I do not regret the fact that I no longer live here. With the exception of Brighton (where Sussex is at its best) and London I prefer the northern parts of Britain and that’s just the way it is. But physically it’s a very beautiful county. The view of the red-and-white lighthouse below the stark chalk cliffs of Beachy Head is one of the few landscape shots that almost any Briton could identify instantly by name. Ashdown Forest, very close to where I grew up, was immortalised by A. A. Milne and his illustrator E. H. Shepard in the Winnie-the-Pooh stories.
And while Sussex doesn’t have the mountains of the north, it certainly has the hills. It’s the place to bring anyone who thinks that the south-east corner of England is as flat as a billiard table.

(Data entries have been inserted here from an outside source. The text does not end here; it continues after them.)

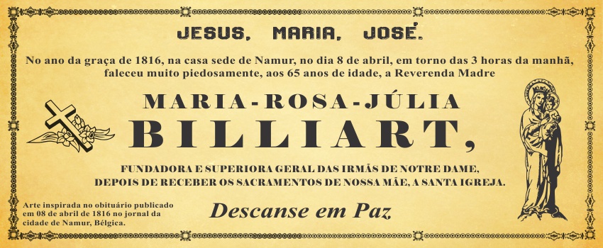 Era semana santa de 1816. Maria Rosa Júlia Billiart, fundadora da Congregação das Irmãs de Notre Dame, estava doente fazia uns três meses. Enfraquecida, guardava o leito, falando pouco, rezando, sorrindo e sofrendo. Na madrugada do dia 08 de abril, segunda-feira, pelas 3 três horas, entregou sua vida ao bom Deus.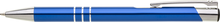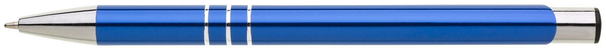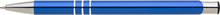 TRIALI hliníková reklamní tužka. Lesklé modré tělo se třemi stříbrnými proužky a chromovými doplňky.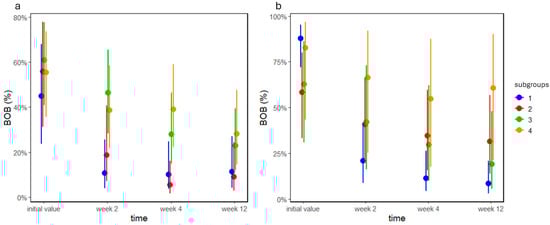 BOB values significantly decreased in both groups in our study (both p < 0.0001), and the time and subgroup interaction also had a significant effect on BOB values (both p < 0.009; Figure 3a). This interaction was reflected in a large decrease in subgroups A1 and A2 after two weeks, whereas in subgroups A3 and A4, the decrease was less substantial, and BOB values were higher at week 4 in A3 and A4 than in A1 and A2. Results similar to those of group A (Figure 3b) were obtained in group B, the only difference being that BOB values in subgroup B4 did not change at all during our study.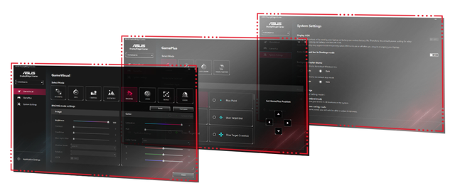Технологія ASUS GameVisual дає змогу швидко налаштовувати монітор відповідно до поточних завдань. Усього доступно сім режимів, між якими можна легко перемикатися за допомогою спеціальної кнопки або екранного меню.

As was apparent on several occasions today, you can go ambling through woods and lanes and suddenly come across a viewpoint that extends over a dozen miles or so, proving you are eight or nine hundred feet up. Unlike in Yorkshire there are no predictions of this, no obvious transition between valley and hilltop or moor. In Sussex things feel much more random, habitations speckling themselves across an unpredictable network of contours. I always rather liked it.
The thing is that these feelings extend in me only to East Sussex. There is a definite border between the two, both administratively and, at least in my mind, culturally. East Sussex extends to Brighton and Hove, but everything west of that is definitely West Sussex, and thus different. East Sussex has Beachy Head and glorious coastline: West Sussex, drab caravan hells like Bognor Regis and Worthing. Inland, East Sussex has leafy lanes and Winne the Pooh, West Sussex has Gatwick Airport and Crawley. If you want to know what growing up in Crawley was like, listen to the early music of The Cure. I rest my case.
Of course I am being highly parochial here but in defining my list of historic County Tops I have made a few decisions along the way about where to draw the boundaries. Yorkshire is one example. Some historic counties that I could have split further, like Lincolnshire, have been retained as one. But I couldn’t do it with Sussex. The highest point of East Sussex is Ditchling Beacon, one of only a couple of county tops that I had visited before starting on this project (I will visit it again however). Having been there, I know now that it is a far superior top than my destination today, Blackdown. Were the summit of West Sussex bereft of trees and therefore with more extensive views, perhaps that would improve it, but then again the landscape does need trees and the area around Blackdown is characteristic of Sussex, a relatively afforested county in English terms. That makes the walking pleasant enough, but little more. Of the four tops I’ve visited thus far, this was the first to not really feel like the highest point for miles around.
Still, it’s good to get these done without significant grief. I should manage another by the end of October, too, with a trip to central Scotland planned for two weeks’ time.